Every 10% cut in US emissions is completely negated by 6 months of China’s emissions growth.
Admittedly, that seems to be calculated at previous growth rates for the Chinese economy, rather than at current or pending rates.
That is from the interesting and provocative Energy for Future Presidents: The Science Behind the Headlines, by Richard A. Muller.
















Negated? If the US had produced more, would China have produced less? Presumably Chinese emissions are largely independent of US emissions…
+1
> Presumably Chinese emissions are largely independent of US emissions…
I’d expect them to be highly interrelated. One important way to reduce US emissions is to move heavy industry offshore, to places like China. We do this all the time via environmental regulation.
But China taking over US production reduces the pollution per unit output.
Any production shutdown in the US is the oldest, most polluting, and least efficient portion, while China’s larger production capacity is generally higher in efficiency than the US average which is still dragged down by old obsolete facilities.
The capital investment in the US to meet EPA rules is basically the same as that made in China, with the difference in the aid to corporations given to the corporations. And the biggest form of Chinese corporate welfare is in property rights which makes the Kelo case seem like anti-capitalism by a whiny woman trying to extract millions from a corporation by filing frivolous lawsuits.
Que? “The capital investment in the US to meet EPA rules is basically the same as that made in China” I find this statement questionable. Chinese infrastructure is _newer_, but that doesn’t mean it’s being put together to the same specs…

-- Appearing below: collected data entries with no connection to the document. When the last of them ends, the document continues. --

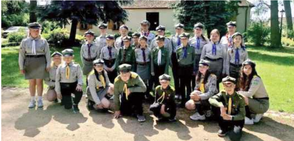
Przedsięwzięcie zostało dofinansowane w ramach umowy „Z miejsca na miejsce” na realizację zadań z zakresu turystyki i krajoznawstwa we współpracy z Miastem Radzyni Podlaski

Pierwszym etapem wakacyjnej przygody był złot druhów i druzhen Hufca ZHP Łuków im. Bohaterów Ziemi Łukowskiej w Muzeum Henryka Sienkiewicza. Od 28 czerwca do 1 lipca harcerze uczestniczyli w zajęciach pod hasłem „Światło Latarnika”, nawiązującym do słynnej noweli noblisty. Program nawiązywał do tematyki marynistycznej – były szanty, gra terenowa „Na tropie morskiej przygody”, turniej sportowy dla „wilków morskich i szczerów lądowych”, a także warsztaty literackie i plastyczne. Uczestnicy odwiedzili muzeum i pobliską Okrzeję, a zdobyte wiadomości sprawdzili w quizie
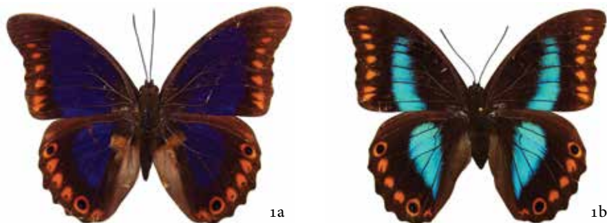
Figura 1a, Vista dorsal macho y 1b, hembra de Prepona deiphile brooksiana (Godman y Salvin, 1889), fotos: F. Hernández-Baz.
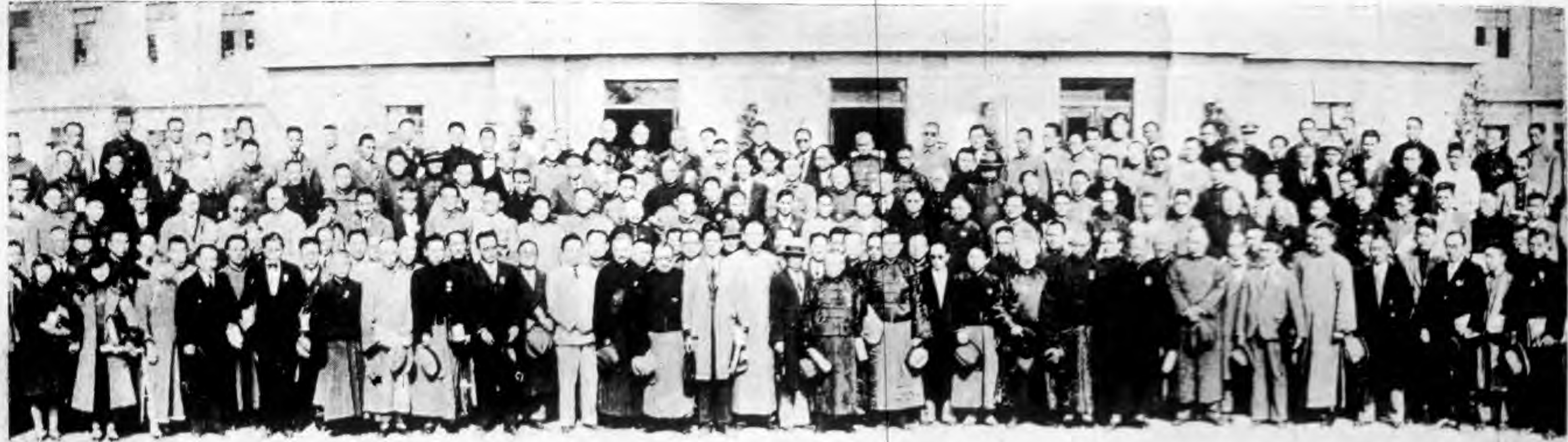
(二) 閉 幕 式
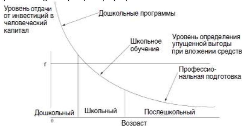
Рис. Показатели окупаемости инвестиций в человеческий капитал в области образования

В современных системах образования большинства развитых стран раннему образованию в последнее время придается все большее значение. Осознание важности системного образования детей, начиная с самого раннего возраста (от нескольких месяцев) до 7–8 лет (обычно это возраст поступления детей в школу), базируется на результатах многочисленных исследований и на практике некоторых стран. В частности, об этом свидетельствуют чрезвычайно популярные в последнее время данные, полученные в исследовании эффективности международной образовательной программы «High/Scope» (см. график).
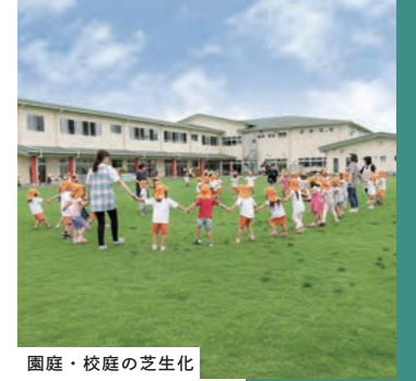
園庭・校庭の芝生化
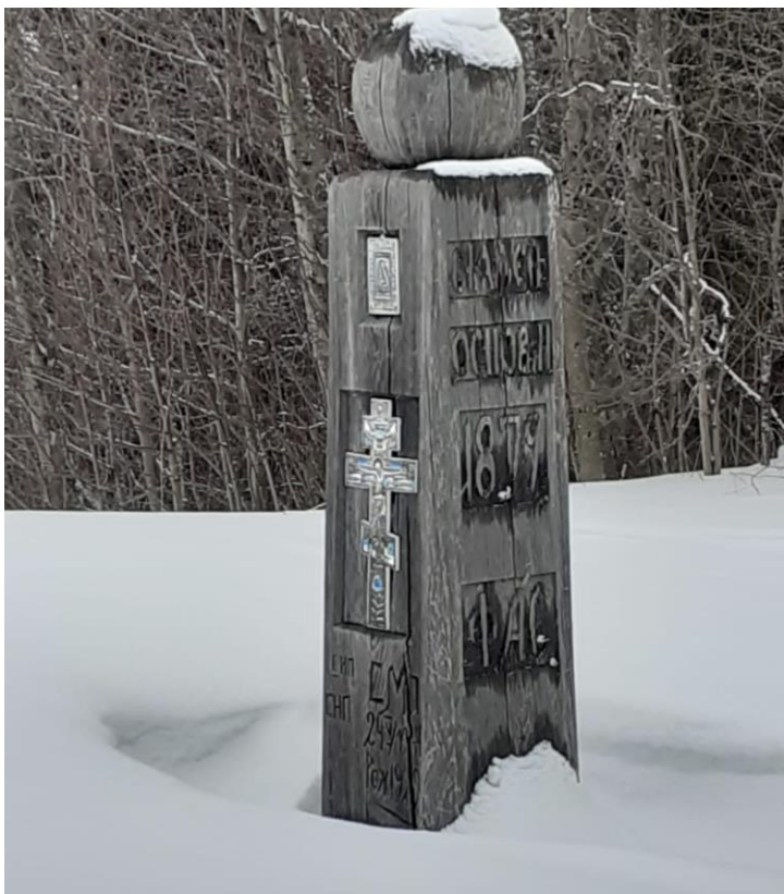
Ил. 3. Столб основания д. Березник, Лешуконского р., 1879.

Fg. 3. Foundation pillar of the village of Bereznik, Leshukonsky district, 1879.
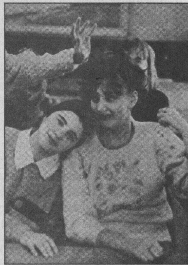
Наверное, у каждого свое понимание дружбы. Только как бы было здорово, если бы люди не старались извлекать из дружбы какую-то выгоду, а искали бы в ней что-то другое: теплое, человеческое...
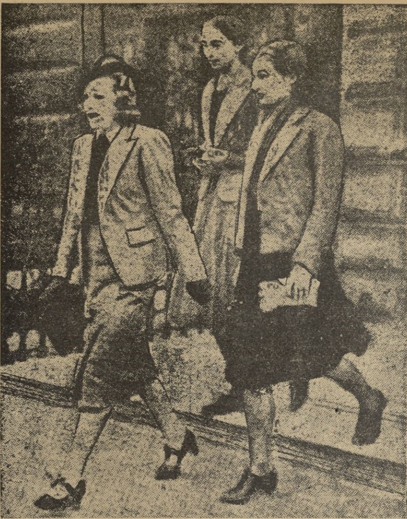
Las hijas del mariscal polaco Pilsudski, Wanda y Jadwiga, con la hija política del antiguo presidente Mosciki, al salir de su residencia en Londres.

Entre el vecindario causó extraordinaria satisfacción la piedad demostrada por la hija del Caudillo, ante la desgracia que aflige a una pobre mujer del pueblo.
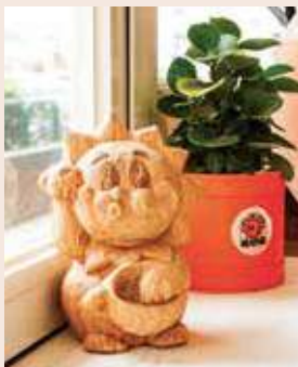
木雕藝術家為「過日辰」製作太陽標誌公仔。

「過日辰」這個名字，源自先有標誌、再有命名的過程。當時朋友畫了一個太陽的圖案，於
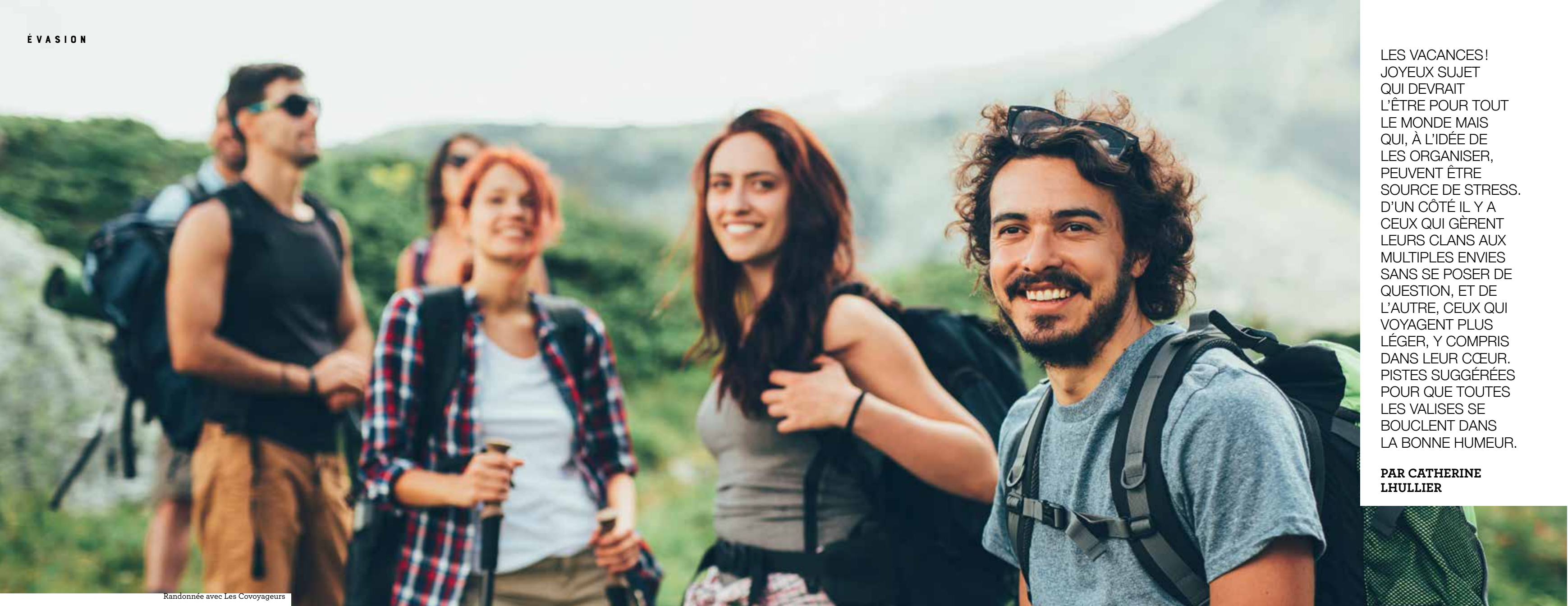
Randonnée avec Les Covoyageurs

LES VACANCES! JOYEUX SUJET QUI DEVRAIT L'ÊTRE POUR TOUT LE MONDE MAIS QUI, À L'IDÉE DE LES ORGANISER, PEUVENT ÊTRE SOURCE DE STRESS. D'UN CÔTÉ IL Y A CEUX QUI GÈRENT LEURS CLANS AUX MULTIPLES ENVIES SANS SE POSER DE QUESTION, ET DE L'AUTRE, CEUX QUI VOYAGENT PLUS LÉGER, Y COMPRIS DANS LEUR CŒUR. PISTES SUGGÉRÉES POUR QUE TOUTES LES VALISES SE BOUCLENT DANS LA BONNE HUMEUR.
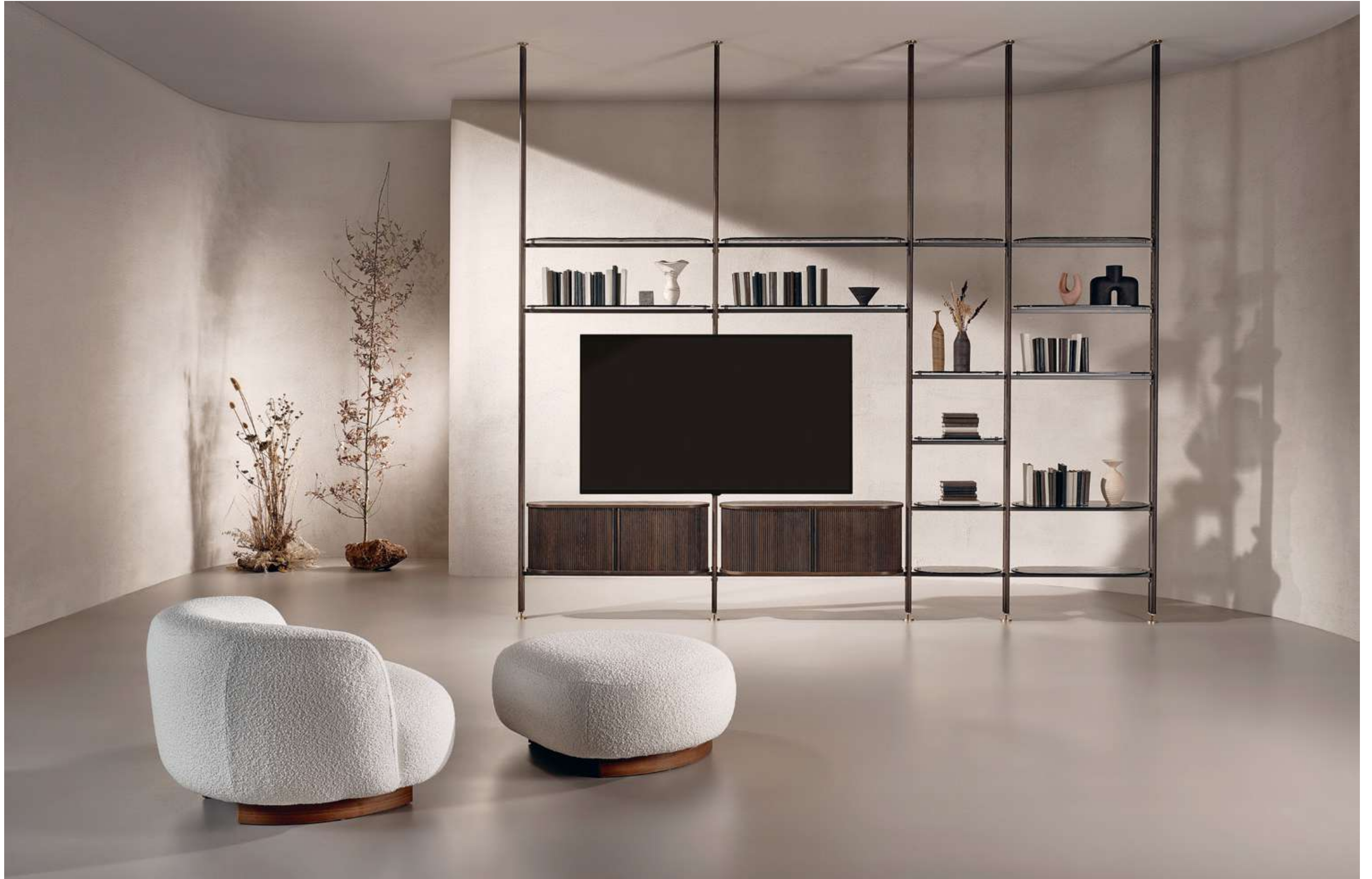
Stem Libreria, Bookshelf; Pebble Lounge Poltrona e pouf, Armchair and pouf.
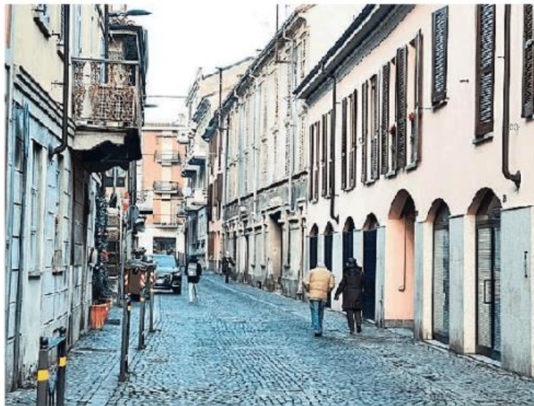
Via Cairoli, dove inizieranno i lavori per la fognatura

N on c'è pace per via Piacenza e dopo i disagi per i lavori al ponte Rosso, da domani i problemi al traffico lungo la direttrice che collega Voghera a Montebello potranno nascere da un nuovo intervento. A rallentare i veicoli per ben due mesi sarà il senso unico, previsto dal 10 gennaio sino al 10 marzo, per la posa delle tubazioni della rete fognaria come indicato da un'ordinanza comunale. Il tratto interessato è quello compreso tra il civico 176 e il confine comunale, verso Montebello, limitatamente alle porzioni di volta in volta interessate dai lavori. Le novità comportano l'introduzione del limite di 30 chilometri orari e dal lunedì al venerdì, nella fascia oraria compresa

Your point is that zero environmental regulation plus the freedom to build new facilities at will is actually better for the environment than current US policies? That’s interesting, but I’d want to see evidence.
Wow.
It says that US reductions are offset by Chinese increases; it says nothing about the obverse and is not making a causal connection.
So what? Country A’s decreases being offset by Country B’s increases doesn’t really mean much of anything. As long as Country A’s decreases don’t cause country B to increase by a greater or equal amount, one is achieving the goal of reducing emissions.
But that’s not the goal. The goal is preventing what emissions cause
One thing about the global diplomatic circus approach to curbing carbon emissions is that my understanding is that a bilateral treaty between the U.S. and China would be sufficient (and an international agreement would require American and Chinese cooperation anyway). In fact unilateral cuts by either the U.S. or China would make a dent in the problem. So why the reliance on periodic global diplomatic circuses?
The carbon emissions focus has made people forget about the less glamorous, more localized types of pollutants.
It doesn’t matter how much more China produces, victories over smog, particulates, allergens, dust, sensetizers etc. are real and your to keep.
Exactly! We hear a lot about climate change, and very little about dangerous carcinogens … or at least less than we used to hear.
That’s because environmental stewardship is dead on the Left. People cause pollution. Period. They take up space and generate waste. But now that the US has to find space for 1.5 million extra people a year to live and throw their trash and buy their cellphones, things like national parks, biodiversity and effluents just aren’t good topics for polite company anymore. And as the money to fund our vast social engineering schemes runs out, who do you think is going to win the debate over mineral and timber rights in the national parks–white, bourgeois backpackers? So the Left and its media megapones have moved on to ethereal notions like “climate change” and “renewable energy.”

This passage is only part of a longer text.